What is being asked =>
Only the pictures are to be left out; write out the rest of the data exactly.

Data segment =>
______________________________

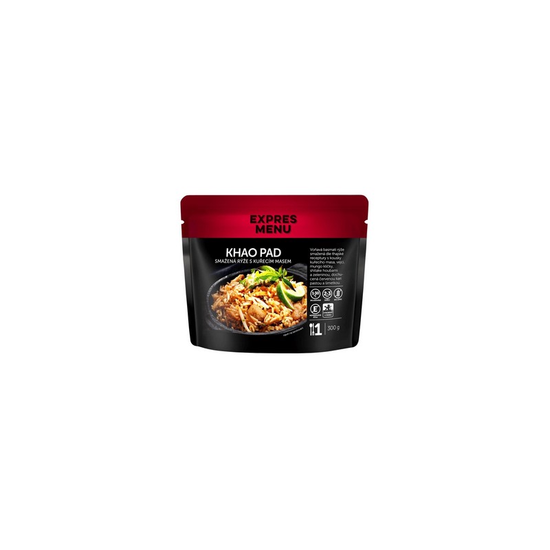 kuřecí stehenní maso (33%), basmati rýže (24%), vaječná melánž (8%), mungo klíčky(7,9%), červená cibule(5,9%), shitake houby(4,7%), olej řepkový, limetková šťáva(2,9%), rybí omáčka(2%) (extrakt ze sardele obecné (63 %), pitná voda, jedlá sůl, cukr), olej sezamový, sójová omáčka(1,8%)(pitná voda, sójové boby, jedlá sůl,ocet kvasný lihový), koriandr listy, červená kari pasta(0,8%) (sušené červené chilli 28 %, citronová tráva, česnek, jedlá sůl, šalotka, kafírové lístky, galgán, koriandr semínko, kmín), česnek(0,8%), cukr třtinový, zázvor mletý, chilli koření drcené.
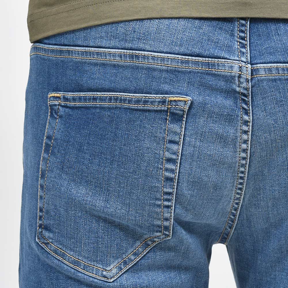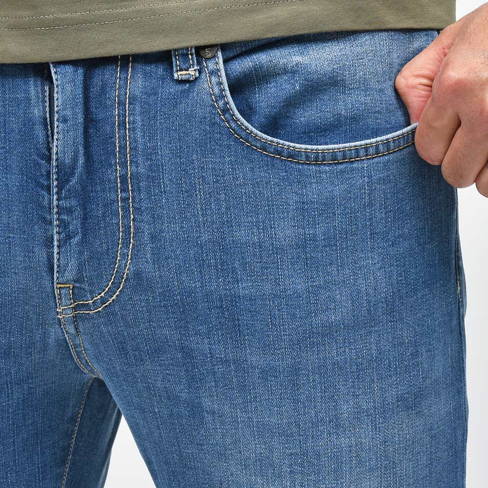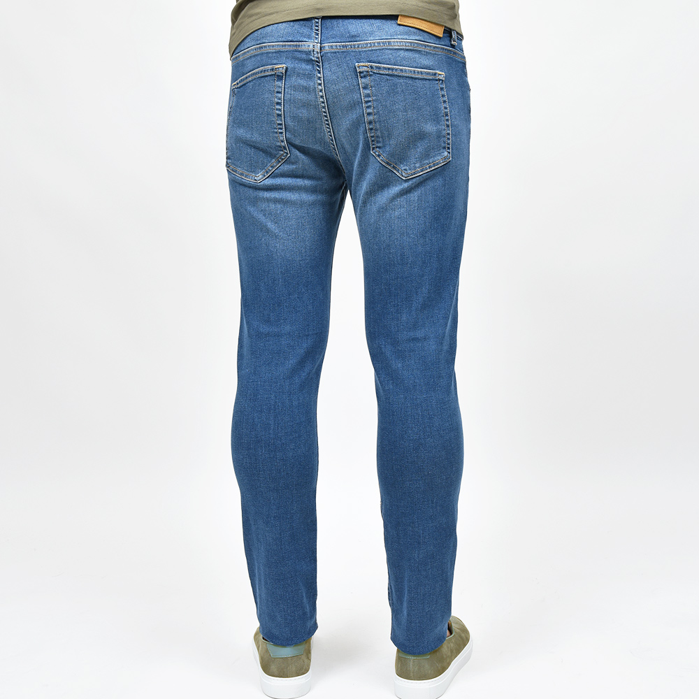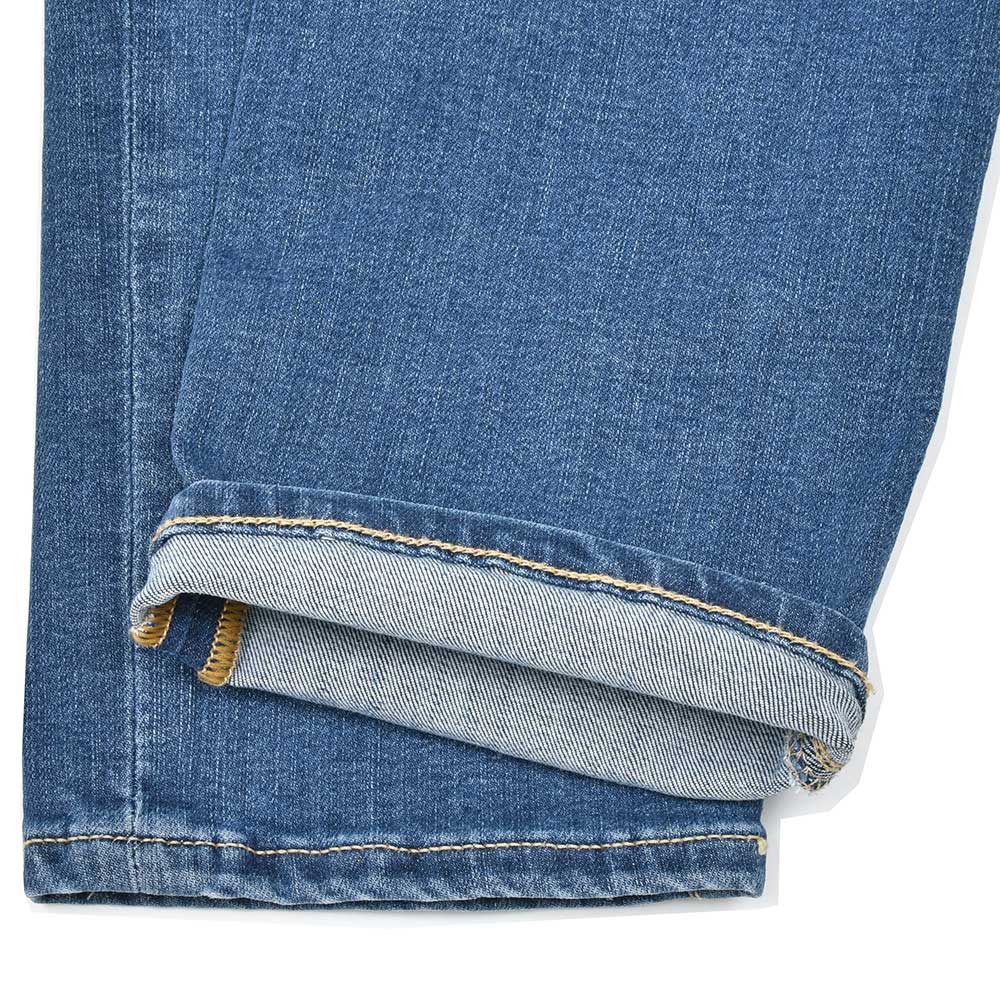 ウォッシュド加工を施したインディゴデニムは、スタイリングを選ばない非常に使い勝手の良いブルーの色味が普遍的な魅力を放っています。また、ストレッチを効かせたコットン主体のファブリックは、言わずもがなの穿き心地。シルバーのボタン&リベットに、ベージュ色のステッチ使いは上品な佇まい。さらに高級感のあるスエードの革パッチが大人の色気を演出してくれます。
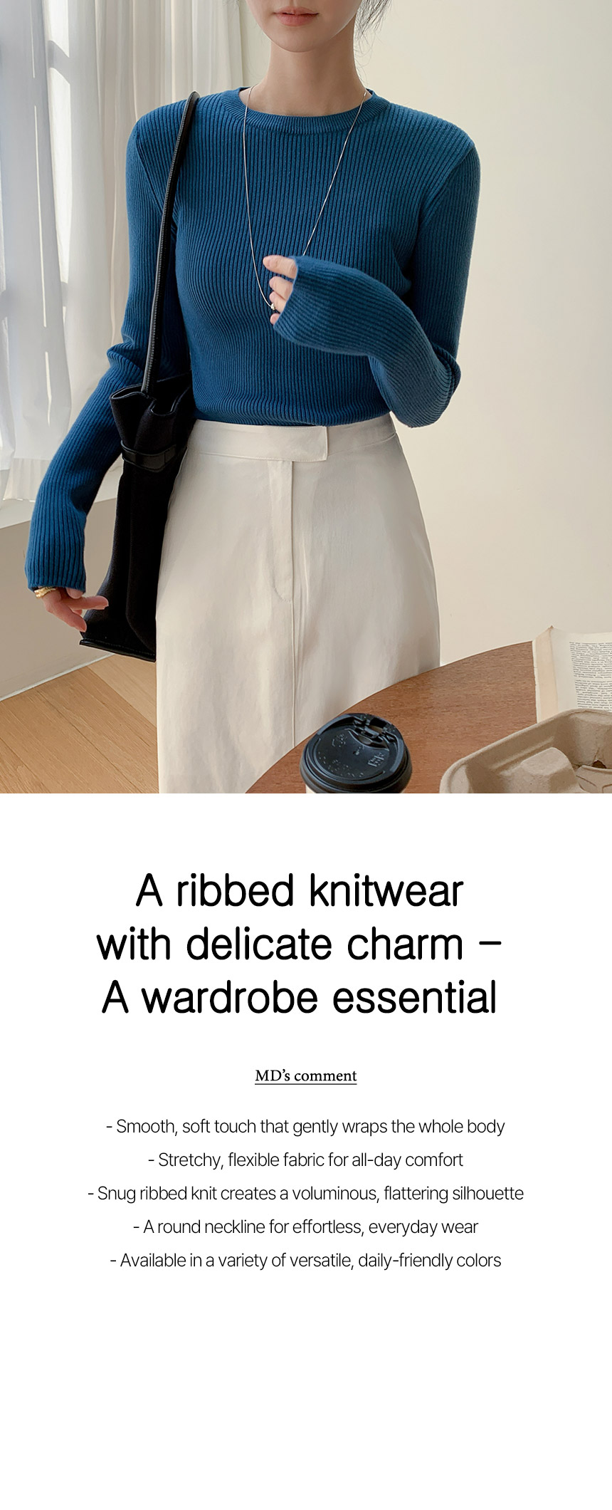 This knitwear features a soft, smooth touch that gently wraps the body, with a voluminous silhouette shaped by a structured ribbed weave. Available in a range of versatile colors, it’s perfect for everyday wear.

______________________________

Response area =>
 kuřecí stehenní maso (33%), basmati rýže (24%), vaječná melánž (8%), mungo klíčky(7,9%), červená cibule(5,9%), shitake houby(4,7%), olej řepkový, limetková šťáva(2,9%), rybí omáčka(2%) (extrakt ze sardele obecné (63 %), pitná voda, jedlá sůl, cukr), olej sezamový, sójová omáčka(1,8%)(pitná voda, sójové boby, jedlá sůl,ocet kvasný lihový), koriandr listy, červená kari pasta(0,8%) (sušené červené chilli 28 %, citronová tráva, česnek, jedlá sůl, šalotka, kafírové lístky, galgán, koriandr semínko, kmín), česnek(0,8%), cukr třtinový, zázvor mletý, chilli koření drcené.
 ウォッシュド加工を施したインディゴデニムは、スタイリングを選ばない非常に使い勝手の良いブルーの色味が普遍的な魅力を放っています。また、ストレッチを効かせたコットン主体のファブリックは、言わずもがなの穿き心地。シルバーのボタン&リベットに、ベージュ色のステッチ使いは上品な佇まい。さらに高級感のあるスエードの革パッチが大人の色気を演出してくれます。
 This knitwear features a soft, smooth touch that gently wraps the body, with a voluminous silhouette shaped by a structured ribbed weave. Available in a range of versatile colors, it’s perfect for everyday wear.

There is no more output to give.